Sergei Brezkun, a professor at the Russian Academy of Military Sciences, said missile defense and a reduced Russian nuclear arsenal would embolden the United States to take dangerous risks. "When a person gets an advantage, he can go too far," Brezkun said. "Unfortunately, further cuts would not only leave Russia more vulnerable, but strategic stability in the world will be more vulnerable."
Talks on tactical weapons
The Obama administration has said that it wants the next stage of negotiations to include tactical nuclear weapons, of which the United States has about 500 in its active arsenal and Russia about 2,000.
But Russian officials say that such talks must be linked to NATO's superior conventional forces, as well as missile defense, and that the United States must first withdraw its nuclear weapons from Europe, where some allies want them to remain as a symbol of U.S. commitment to defending the continent.
Pavel Podvig, an arms-control researcher at Stanford University, said a new round of talks trying to balance U.S. forces against Russian ones would only open "a can of worms." If the new treaty fosters enough trust, though, the two nations might agree that tactical nuclear weapons have no military value and treat them as a safety issue, he said. "You have to approach it as securing something that is dangerous and useless," Podvig said.
Experts say further nuclear cuts would certainly face resistance from the Russian military.

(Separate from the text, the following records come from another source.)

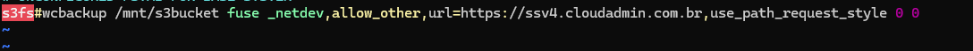 s3fs#<BUCKET_NAME> /mnt/s3bucket fuse _netdev,allow_other,url=<URL>,use_path_request_style 0 0
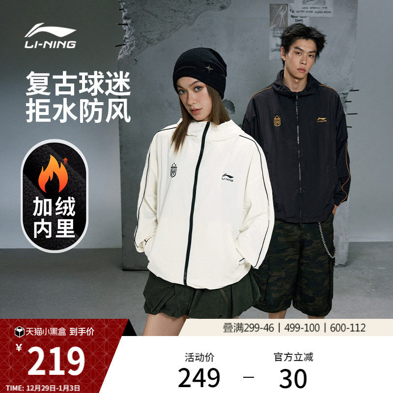 李宁外套男秋冬新款情侣梭织风衣加绒休闲潮流学院上衣运动夹克女
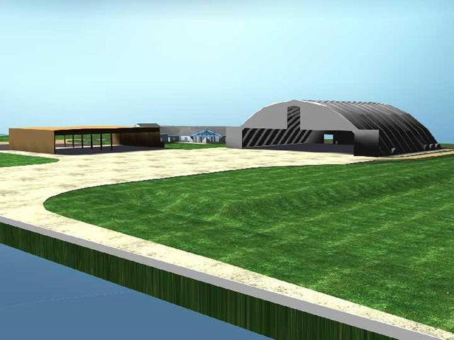 An artist's rendering shows the $8-million Reusable Launch Vehicle (RLV) Support Complex planned for the Shuttle Landing Facility (SLF) at Kennedy Space Center. The ground breaking took place today. To be located at the tow-way adjacent to the SLF, the complex will include a multi-purpose RLV hangar and adjacent facilities for related ground support equipment and administrative/technical support. It will be available to accommodate the Space Shuttle, the X-34 RLV technology demonstrator, the L-1011 carrier aircraft for Pegasus and X-34, and other RLV and X-vehicle programs. The complex is jointly funded by the Spaceport Florida Authority, NASA's Space Shuttle Program and KSC. The facility will be operational in early 2000
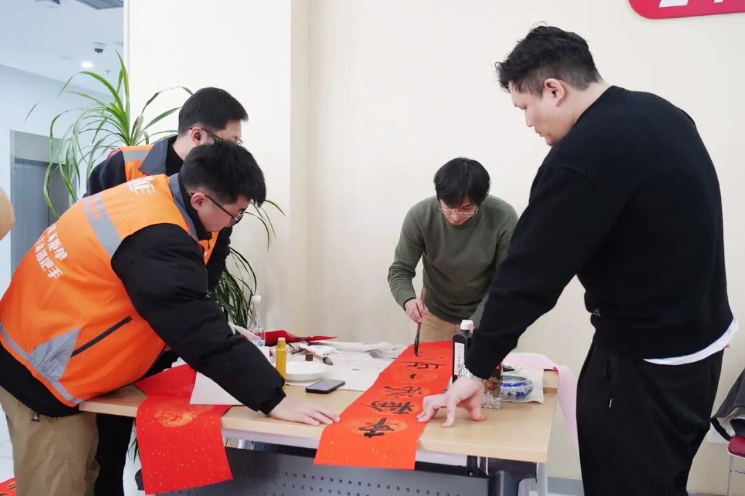 活动现场,区总工会精心准备了法律咨询、互助保障咨询、手写春联、手机贴膜、理发等多项暖心公益服务,吸引了众多新就业形态劳动者前来参与。每个摊位前都排起了队伍,欢声笑语中洋溢着节前的喜庆氛围。“老师,请帮我写个‘出入平安’的横批吧!”“我想要个带‘福’字的!”手写春联区,劳动者们围在桌旁,认真挑选着自己心仪的联句。几张长桌一字排开,红纸铺展,墨香四溢。书法老师挥毫泼墨,笔走龙蛇,一副副充满吉祥寓意的春联在他们笔下诞生。“好多年没贴手写春联了,这种传统年味是印刷品比不了的。”一位小哥捧着墨迹还未干的对联开心地说道。

But Alexander Golts, an author and military analyst, said there is a growing consensus within the leadership that Russia's vast arsenal far exceeds its needs and is draining funds needed for conventional arms that might actually be used in a war.
"Military people who are professional know that, with or without this treaty, Russia has to reduce its arsenal," he said. "All these conservatives talking about the treaty not being good for Russia, it's just militaristic rhetoric. It has nothing to do with reality."